2. The second part is to map the user’s query to a well-defined set of databases. There are several possibilities for doing this. In one method, we could use historical searches and targets to predict the future. The University of Michigan (UM) Library already has a "database finder" that maps a user’s query against historical uses of library-provided databases for that query. The databases that patrons frequently use to find re­sults for that query are likely candidates for future searches. (See, for example, the left-hand navigation column on the ar­ticles search results for "middle east": Alternately, we could perform the query against a general interest article data­base (such as FirstSearch or Google Scholar) and perform an analysis of the first results to be returned to determine sub­ject clusters. These subject clusters would then be mapped to narrower databases in the library’s collection.

Determining the Right Academic Level

Figuring out if the researcher is likely seeking intro­ductory,overview, or advanced information in response to a given question is the next step. We have a two-part strat­egy to figure out what level of information is most likely appropriate:

First, we need to make a best guess at the presumed aca­demic level of the specific query. We can do this by pulling together a variety of "environmental information" about the person asking the question (assuming the user has authen­ticated), including the following:

1.  For students,through accessing the registrar’s informa­tion, determining the courses in which the student is en­rolled.  If the query fits a course, we can assume that course’s academic level.  For example, a search for "government" when the student is enrolled in Political Science 101 would imply a basic query.  A student enrolled in several higher-level political science courses would imply a higher level of inquiry.

2.  For faculty,inquiries in their subject domain (their aca­demic department) would be assumed to be at the highest possible level. For queries out of their subject domain, a lower level of academic inquiry could be inferred.

3.  For people who are not authenticated, or about whom we can make no inference, we don’t infer an academic level.

 Second, we need to determine the specificity/academic level of the databases in the subject domain and then give higher relevance to items coming from the appropriately selected databases. It is not that we exclude databases with the "wrong" presumed academic level, but we give sources with the "right" academic level a relevance bump. We determine the relevance increase or decrease through any of a range of methods. The specific method chosen depends on what bibliographic data we have about the articles being returned from the search tool:

1. Running sample user queries (from historical query logs) against the database to find which databases are most general for that query and which are the most specific

2.  Observing a user's interaction with the system to tune the default behavior

3.  Assigning broad levels (introductory to intermediate; in-depth; etc.) to specific journals beforehand and matching the user's presumed academic level to citations in the result list

4.  Over time, observing user behavior to learn which level of database a particular individual generally goes to (someone who goes to "high level" or very specific databases routinely has those weighted more strongly; someone who routinely goes to the more general databases has those weighted more strongly)

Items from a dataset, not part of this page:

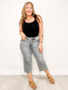 Introducing Judy Blue TANNER Mid-Rise Jeans - the perfect combination of style and comfort! This pair features a tummy control design for a flattering fit, raw hem for a trendy touch, and a cropped wide leg for a chic look. Elevate your wardrobe and feel confident in these jeans all day long!
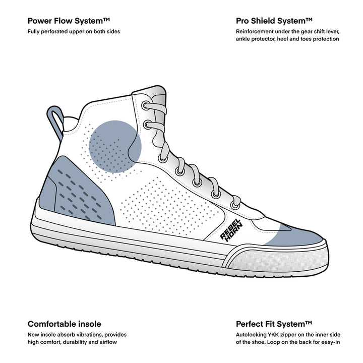 Rebelhorn Spike are stylish and functional motorcycle shoes, designed for city riding and everyday use. These shoes combine safety, comfort, and style and are perfect for riders who want a casual look without compromising on protection.
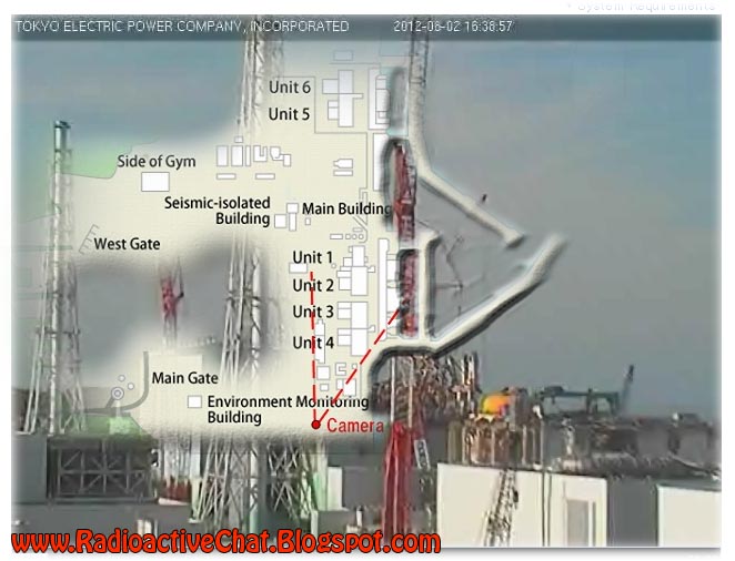 Now the camera angle like I told you earlier is different now from what it was when the livecam first was put into place 2011. But we can still see all the reactor units and cranes working on the site. To explain the map, Unit 4 is in the right corner of the screen and we can see part of Unit 1 way back with Unit 2 blocking most of the view (Unit 1 is the white reactor unit because of the tent they put up).
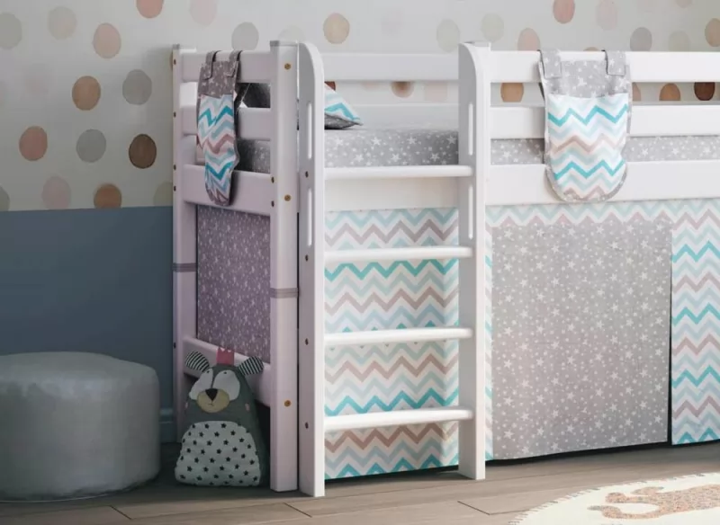 Низкая кровать Соня с прямой лестницей Белый
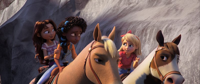 Con todo lo aprendido, fue mucho más orgánico para el equipo técnico crear características únicas para los caballos, e incluso diseñaron uno de los caballos de la manada de Spirit basándose en el caballo en la vida real de Bogan, Ziggy Stardust. «Hay un par de caballos en la manada a los que intentamos conferir personalidades específicas», dice Bogan. «A Ziggy lo retrataron como un teniente escéptico. Es una especie de segundo al mano cuando Spirit no está. Es, por tanto, muy cauto y desconfiado con los humanos. Tenemos también una yegua a la que llamamos Daisy que siempre está comiendo flores y que termina emparejándose con otro caballo de la manada. Si te fijas en ellos en la película, pese a estar siempre en segundo plano, verás que hay un pequeño arco argumental en esa historia. Y también hay una mamá yegua con su potrillo, que, cómo no, es irresistiblemente adorable».
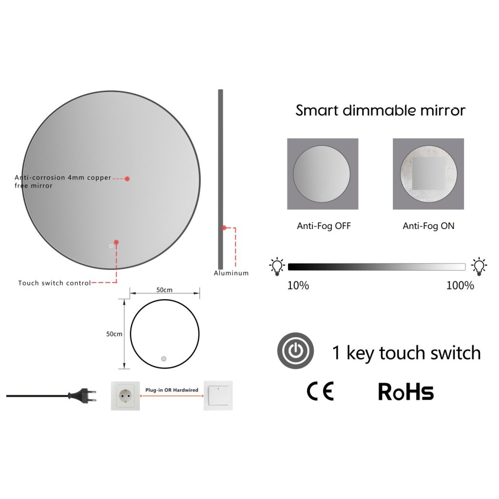 - Această oglindă LED este reglabilă, controlată printr-un comutator cu senzor tactil. Pur și simplu apăsați butonul de pornire timp de 2-3 secunde pentru a regla luminozitatea de la 10% la 100%. Setările de luminozitate sunt salvate automat, deci nu trebuie să reglați luminozitatea de fiecare dată.
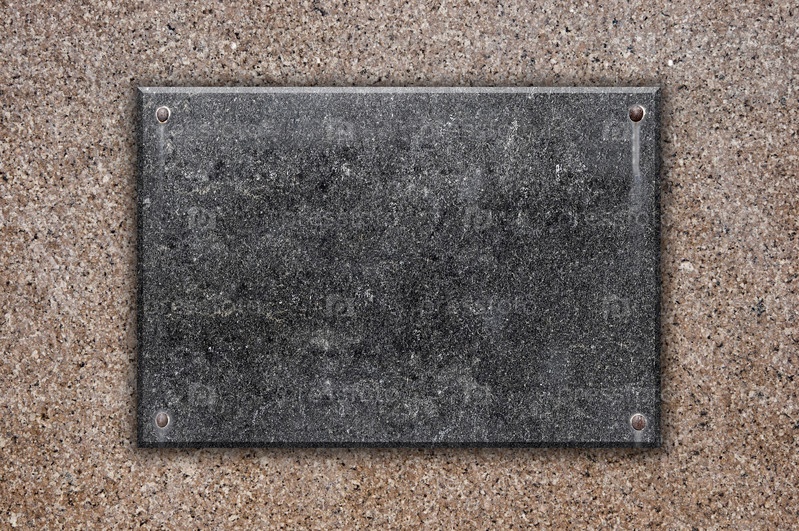 Черная мраморная табличка на гранитной стене
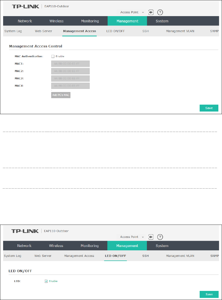 MAC1~MAC4: Enter the MAC addresses of the PCs which are authorized to log in the
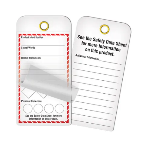 Use our "Make Your Own" GHS style workplace tags to clearly identify hazards to your employees. Our GHS tags offer a simple template design to build your tag on. The tags are made from a waterproof synthetic stock that can easily be printed on. Tags are available in two options, our standard All-Weather Duraply® base stock that can be easily written on as well as the more durable option with a clear lamination flap that is applied over your copy for added weather and chemical resistance in harsh conditions.
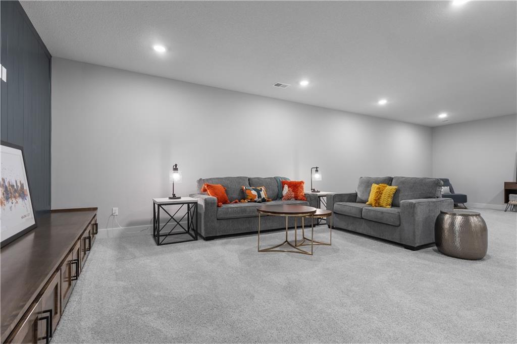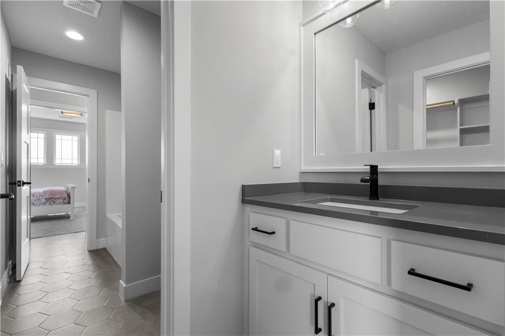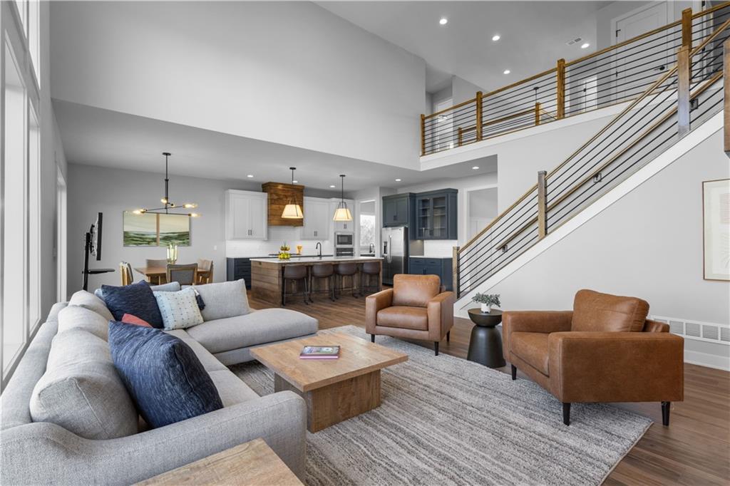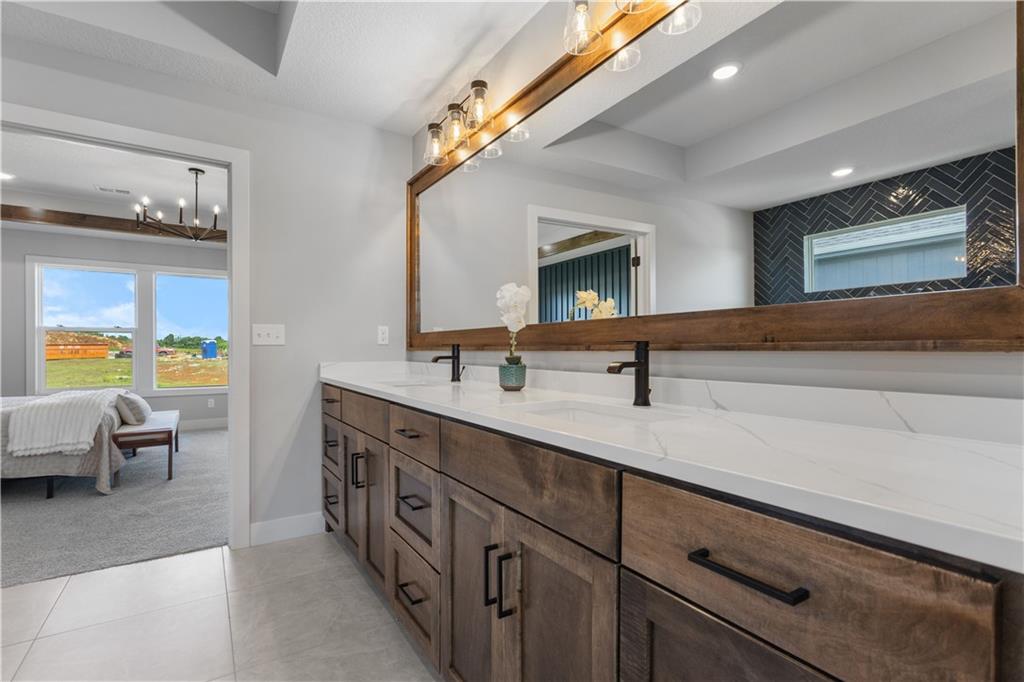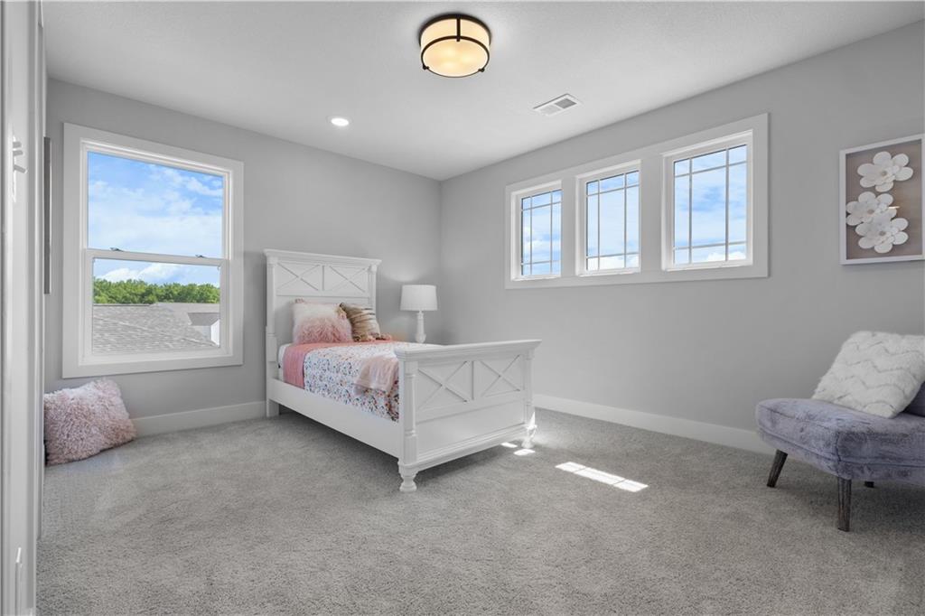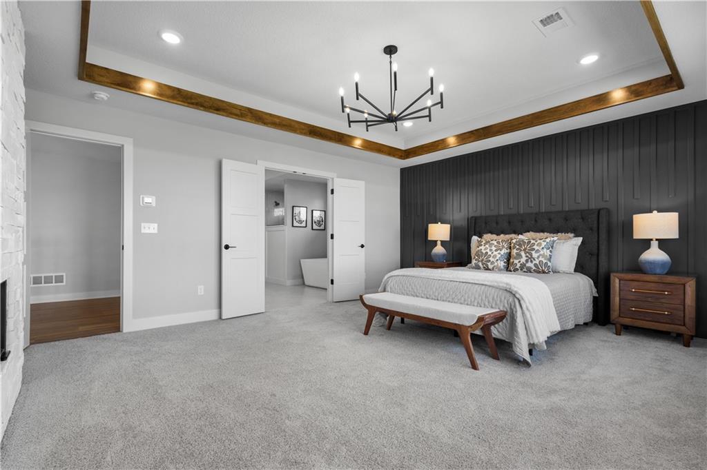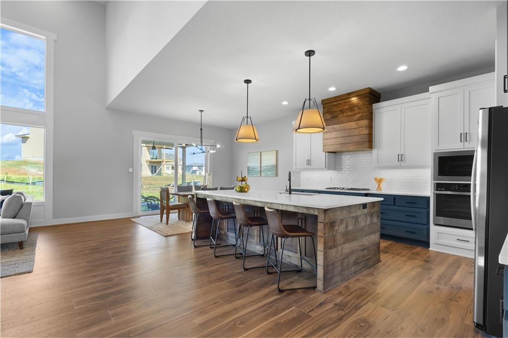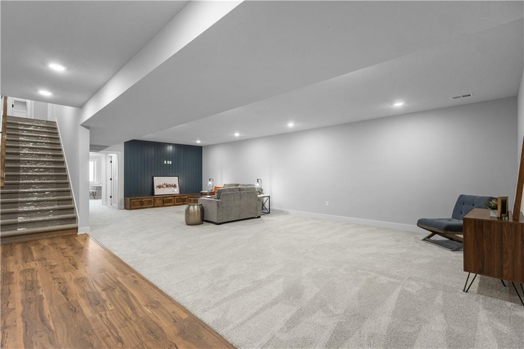 Welcome to The Opus II — a modern farmhouse masterpiece blending timeless charm with sophisticated design. This stunning home features six spacious bedrooms, five full baths, and a dedicated main-floor office, offering the perfect balance of comfort and versatility. The chef-inspired kitchen is the heart of the home, showcasing stunning quartz countertops, an L-shaped prep kitchen, and rose gold cabinet hardware that adds a touch of modern glamour. A convenient boot bench with drop zone keeps daily life organized, while the extended three-car driveway provides both practicality and curb appeal. The great room impresses with a floor-to-ceiling stone fireplace and elegant built-in cabinetry with floating shelves, creating a warm and welcoming focal point. Throughout the home, the modern trim package, wainscoting, and sleek black interior hardware elevate every detail with refined style. Downstairs, the finished lower level is designed for entertaining, complete with a wet bar peninsula, full-sized refrigerator, and an additional bedroom and full bath. Every element of The Opus II reflects thoughtful craftsmanship and luxurious comfort—perfectly suited for both lively gatherings and peaceful everyday living.
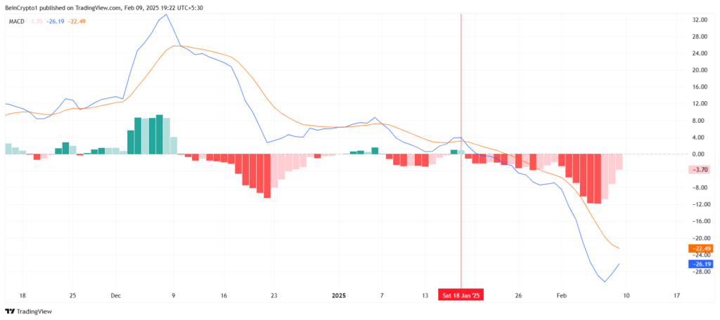 Chỉ báo Moving Average Convergence Divergence (MACD) đang thể hiện một tín hiệu cho thấy sự nhạt nhòa của động lực giảm giá đối với BNB. Hiện tại, đường MACD dường như đang tiến gần đến việc giao cắt với đường tín hiệu, một tình huống có khả năng phản ánh sự chuyển tiếp từ xu hướng giảm sang xu hướng tăng.
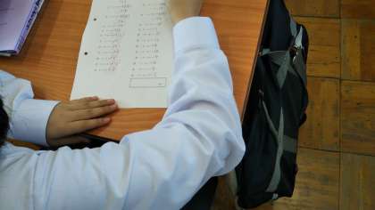 宿題の答え合わせをしています。
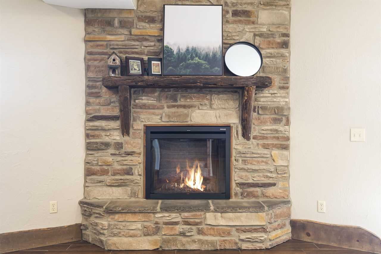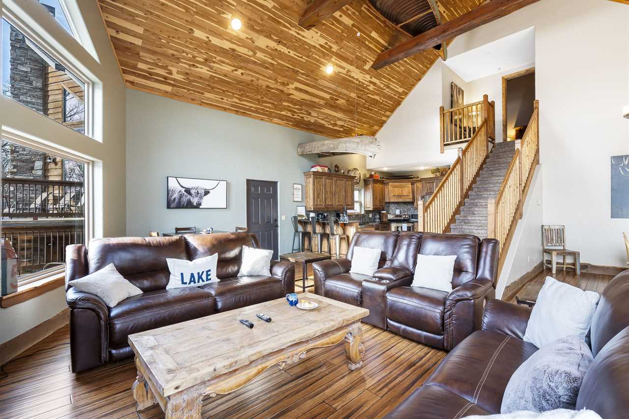 As you step into the living room, you'll be greeted by the warm ambiance of an electric fireplace, creating a cozy atmosphere for those chilly evenings. The tall ceilings add a touch of grandeur, making the space feel open and inviting. Sink into plenty of comfortable seating, perfect for winding down after a day of exploration. The allure of this vacation home extends outdoors, where a patio awaits with a propane grill and outdoor seating. Take in the breathtaking view of the lake, creating a serene backdrop for your stay. Whether you're enjoying a meal al fresco or simply unwinding with a drink, this outdoor space is sure to be a favorite. For the culinary enthusiasts, the fully equipped kitchen provides everything you need to prepare delicious meals. From morning coffee to elaborate dinners, you'll find all the amenities to make your stay convenient and enjoyable.
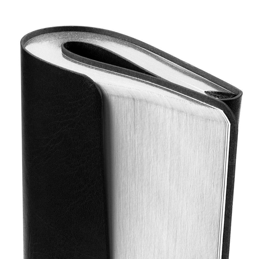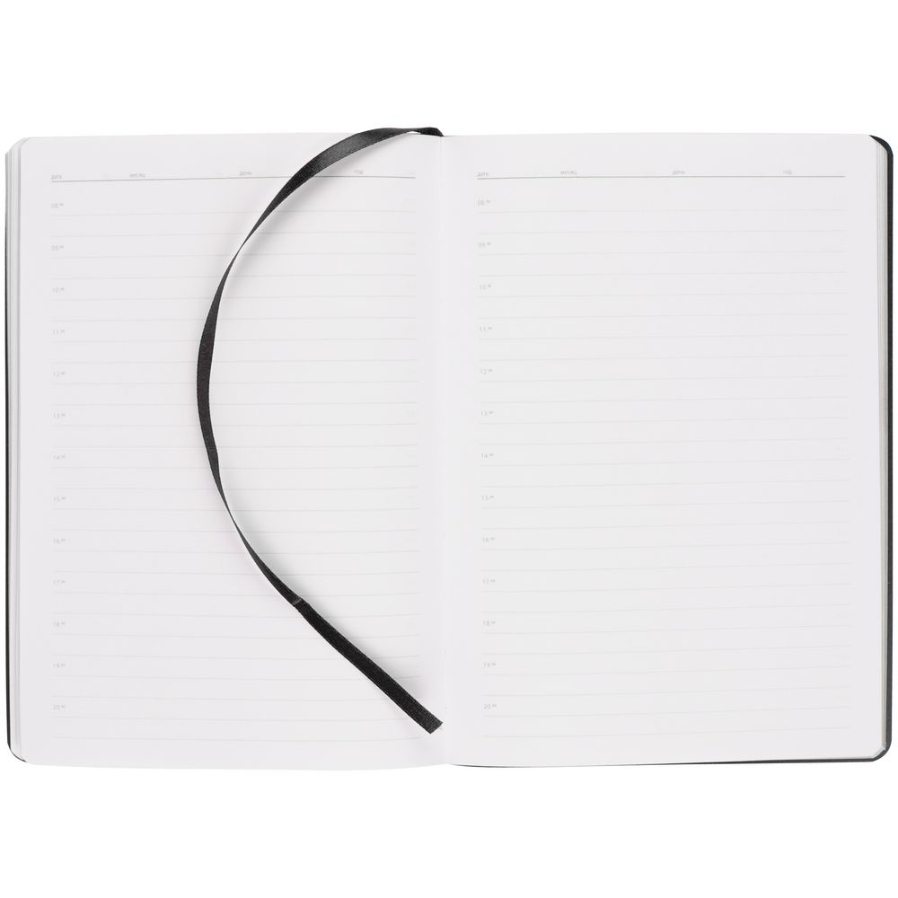 Ежедневник с гибкой обложкой, выполнен из материала Nebraska, черный АА, дополнен ляссе черного цвета.
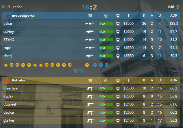 Вторую половину игрового дня открывали Astralis и Mousesports. На стадии выбора карты коллективы решили сыграть de_cache. Начиная за сторону защиты, датчане не смогли устоять против оппонента. «Мышки» выносят из первой половины максимум, 0-9. Только спустя 12 раундов датский коллектив берет пару, 2-13. Второй пистолетный раунд расставил все на свои места, счёт встречи 2-16.

5.  Recency--given a query in a subject domain, similar queries over time (by the user or by all users) influence sorting of results for future searches

By substituting vocabulary that better fits the subject domain and database, we enhance the user's query to be better targeted.  This can be achieved through search query analysis--what similar queries provide objectively better results.  Expanding keywords appropriately requires understanding the subject domain of the query.  Several approaches for this process include the following:

1.   Using full-text materials available through the HathiTrust and other sources, combined with Library of Congress (LC) call numbers and/or LC subject headings assigned to those items, to assemble large bodies of text from current publica­tions by subject area and to develop maps of search terms to the subject domains in which they most frequently occur

2.    Using Google Scholar results to find best-fit articles for a given query, and then use those returned results to gener­ate a better-targeted query by identifying common keywords in Google Scholar’s first few results


In the system just described, a first-year student who has not declared a major who is taking a history class and a full professor in the history department would both enter the same search query, "Boer war." The student and the professor would get a very different set of results based on their different pre­sumed level of academic investigation.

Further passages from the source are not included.